Every day or every other day Norton does a Full System scan, and the only thing it finds is a Tracking Cookie, which we tell it to fix.


----------



## fordy (Sep 13, 2003)

Job's3dAnswer said:


> Every day or every other day Norton does a Full System scan, and the only thing it finds is a Tracking Cookie, which we tell it to fix.


...............Get RID of Norton!!!! It can screwUP more things than a whole family of Raccoons , lol !! It is more trouble than it's worth . , fordy:shrug:


----------



## arabian knight (Dec 19, 2005)

For sure Stop Norton from doing those scans that is pathetic~! I love Norton BTW Although I have an older version of SystemWorks and it works just fine. But this version does not have Internet security on it which is a big no no with Norton. Do not get that~!


----------



## Job's3dAnswer (Oct 17, 2004)

I know that DW's oldest brother -- the one that crashes computers to rebuild them -- got talking about McAfee, and that it was supposed to be way better than Norton.

Thanks for the suggestion of stopping the scans. I'll see if that does anything.


----------



## aaronwesley94 (May 23, 2008)

Please tell me you're joking about McAfee.
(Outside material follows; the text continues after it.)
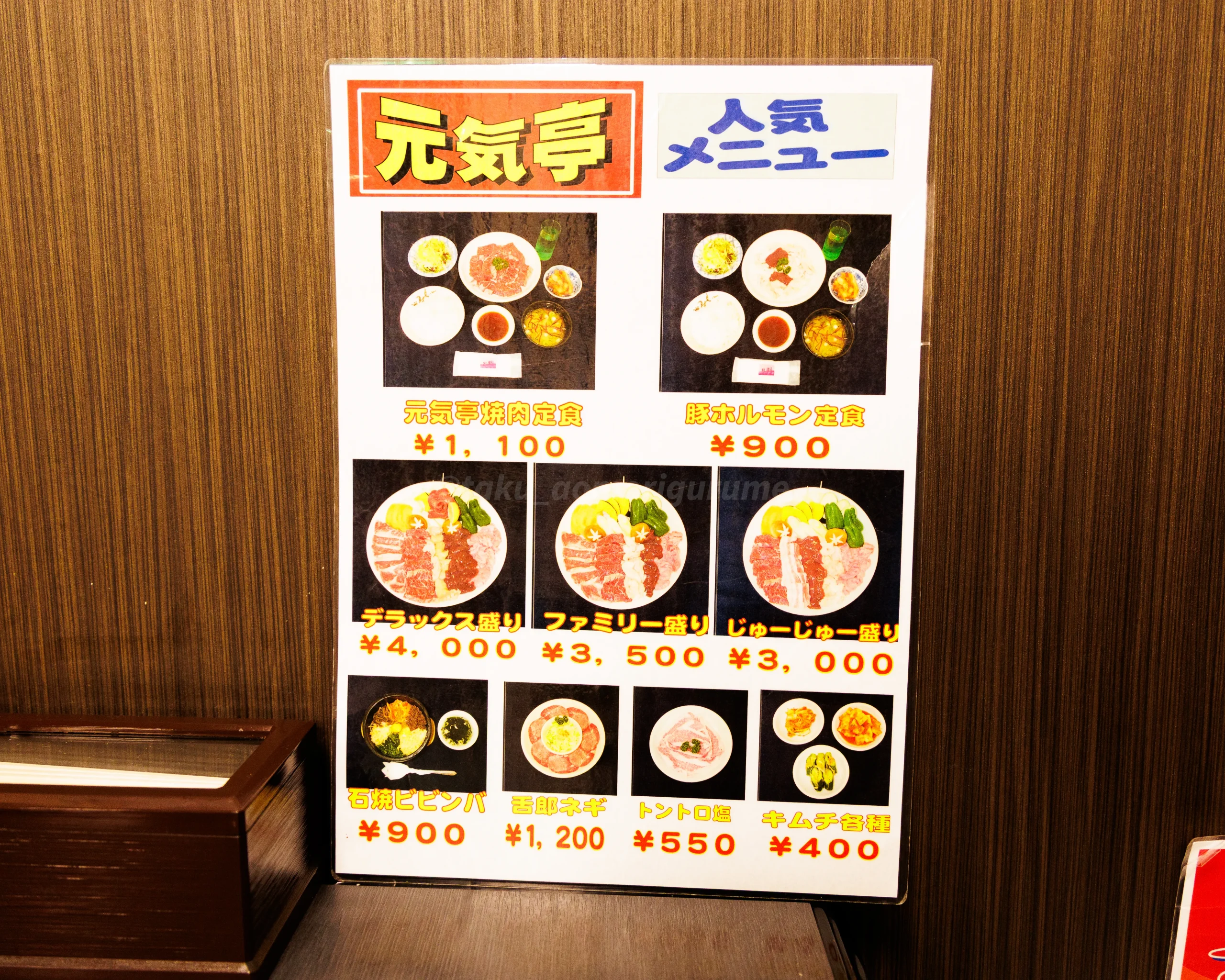 店内のフード、ドリンクメニュー(スタミナハウス 焼肉 元気亭)。
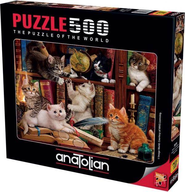Puzzle Chats dans la bibliothèque pour les amoureux des chats et des puzzles avec le parfum de la bibliothèque. Parfait pour la détente de toute la famille.

McAfee is nearly as bad as Norton. They're both AWFUL resource HOGS~!!! If I were you, I'd go with a lighter, free AV solution. I use AVG free. It're a really good program. http://free.grisoft.com/ww.download?prd=afe


----------



## Job's3dAnswer (Oct 17, 2004)

When we were still up in MA, we had AVG Free. The only thing I remember about it was that they scheduled what time the updates were, and if you were in the middle of doing something when they updated, you lost it. 

Thanks for the idea. I'll discuss it with the Boss.


----------



## uyk7 (Dec 1, 2002)

> Get RID of Norton!!!! It can screwUP more things than a whole family of Raccoons , lol !! It is more trouble than it's worth . , fordy



I have to disagree. I like Norton Internet Security. When it expired I decided to try the Windows LiveOneCare program and don't like it so I will be switching back to Norton soon. 

I do agree that you should try stopping the AV program when downloading IE and see if it helps. If not, then try having someone else download IE to a disk and install it that way on your PC.


----------



## Job's3dAnswer (Oct 17, 2004)

WOO-HOO!!!

I turned off the AV and downloaded Firefox and it went through!!!!!!!:banana02:


Thanks to everybody for all your help! !!!!!!!!!


----------